A cicada molts

A cicada molts and dries its wings after spending 17 years in its subterranean hide-out. (Sun photo by Jerry Jackson / May 11, 2004)

The season of the cicada has arrived.

From Roland Park to College Park, the first wave of 17-year cicadas known as Brood X are crawling from subterranean hide-outs under cover of night and quietly - for now - taking positions in trees around the Baltimore area.

"It really is going on in people's yards, they just don't see it," said University of Maryland entomologist Mike Raupp, who has been perhaps the most tenacious tracker of Brood X's progress.

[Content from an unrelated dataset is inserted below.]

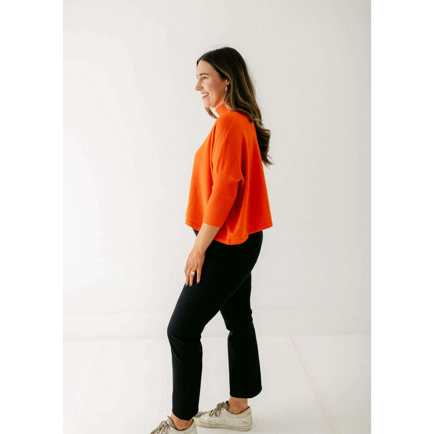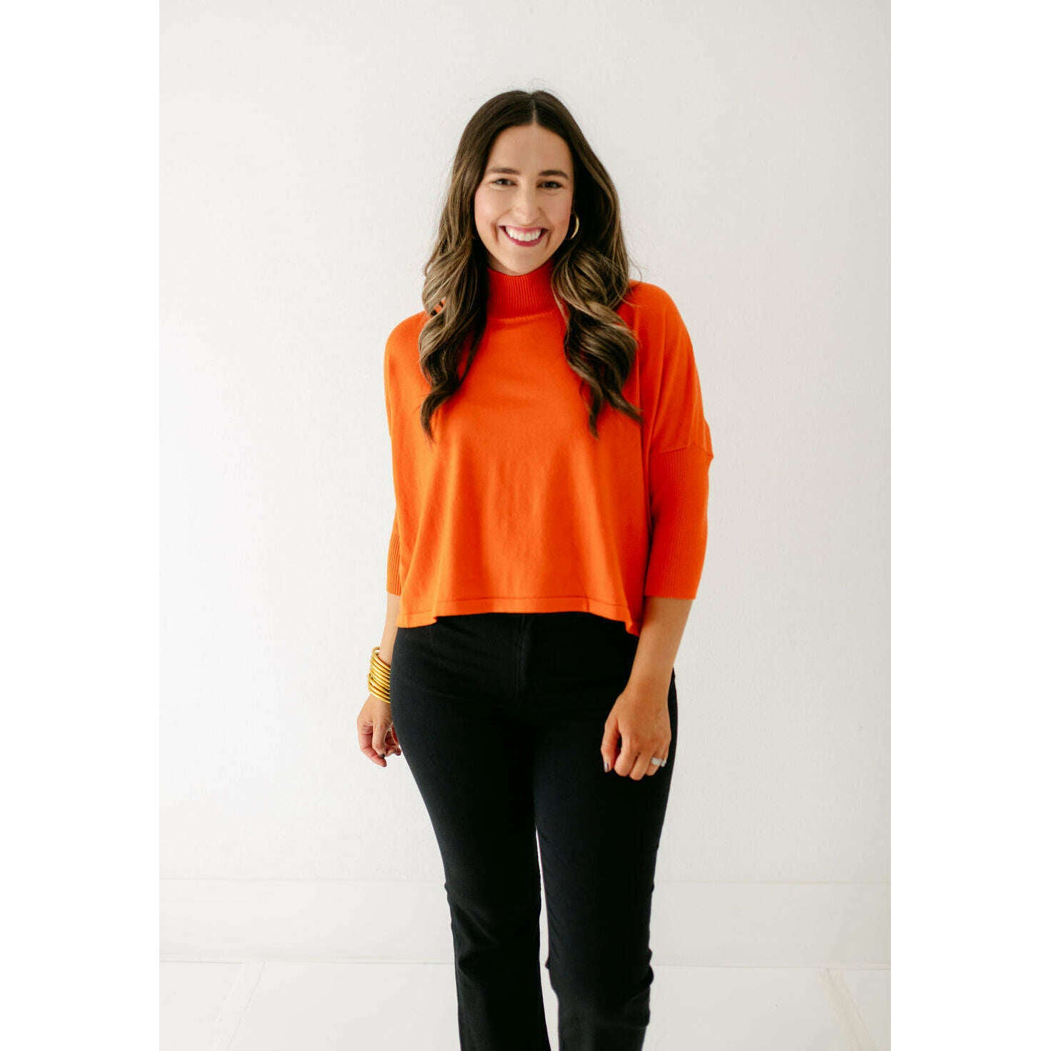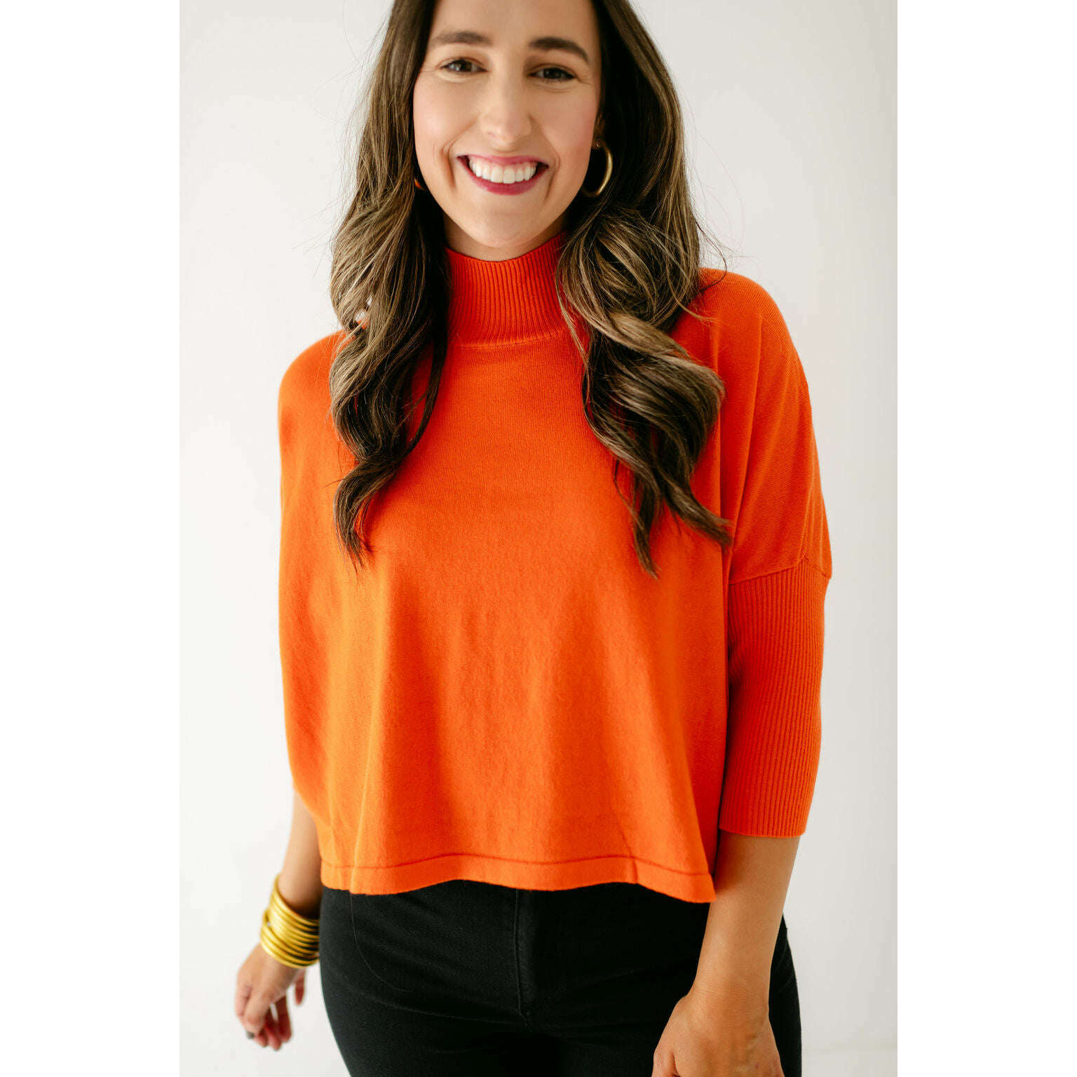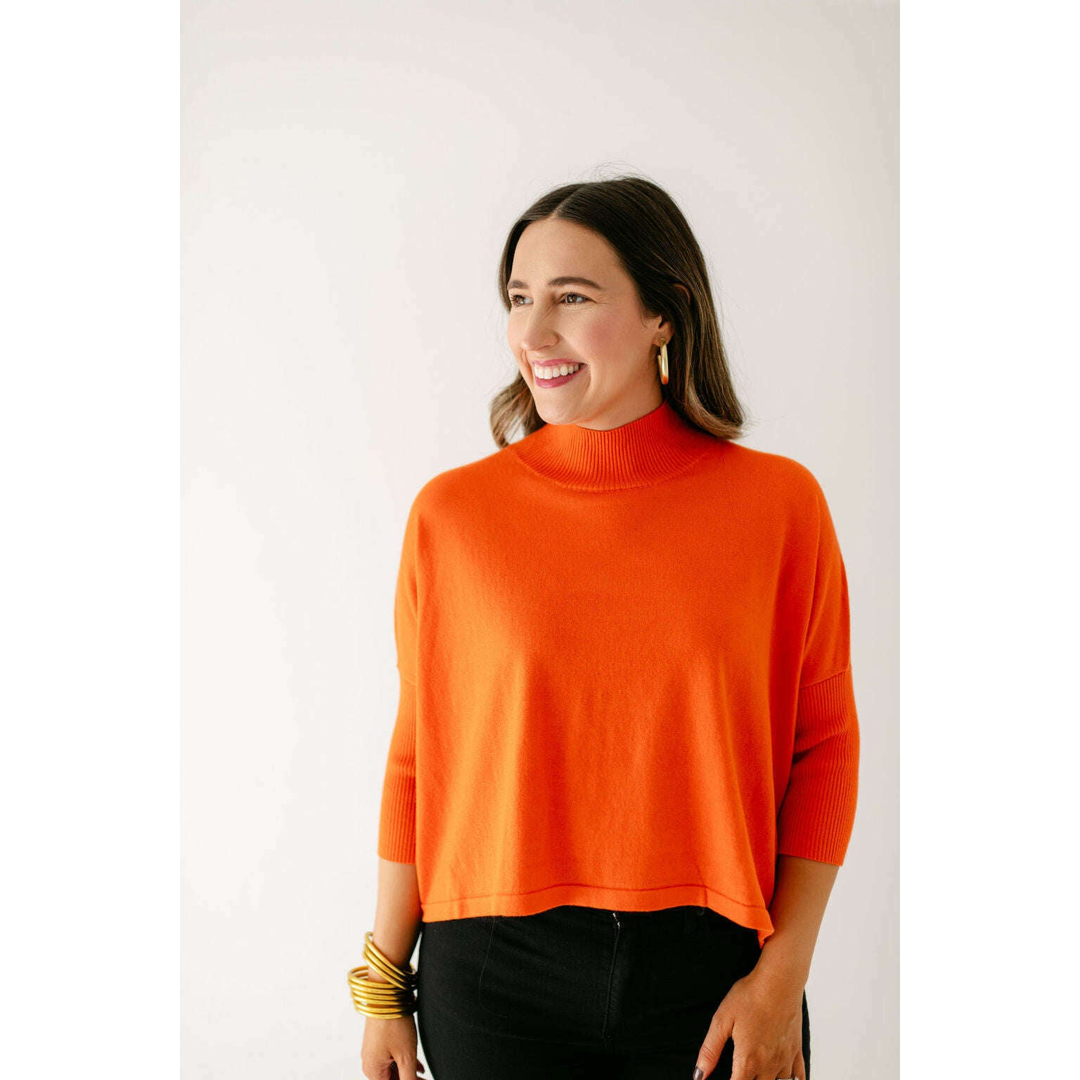 The Kerisma Knits Aja Ortho Solid Top in Orange is back and better than ever. This new version is a thinner, lighter take on our most popular sweater, offering the perfect balance of comfort and style. You'll love how effortlessly it layers or stands alone, making it a must-have for the season.

Raupp says he spotted "thousands" of cicadas in trees near the university campus the previous two evenings, as he and a National Geographic film crew documented what is being billed by scientists as the largest insect emergence in the world.

State officials will welcome the cicadas back today with a press event where they plan to offer such tips as where to see the insects and how to turn them into fly-fishing lures - not to mention hors d'oeuvres.

Billions of the sex-starved, flight-challenged insects remain underground, expected to surface in the coming days. But the first arrivals are already attracting attention.

In Roland Park, Amanda Toombs watched yesterday as her 2-year-old son Tommy plucked an empty, tea-colored cicada shell from the grass outside St. David's Nursery School.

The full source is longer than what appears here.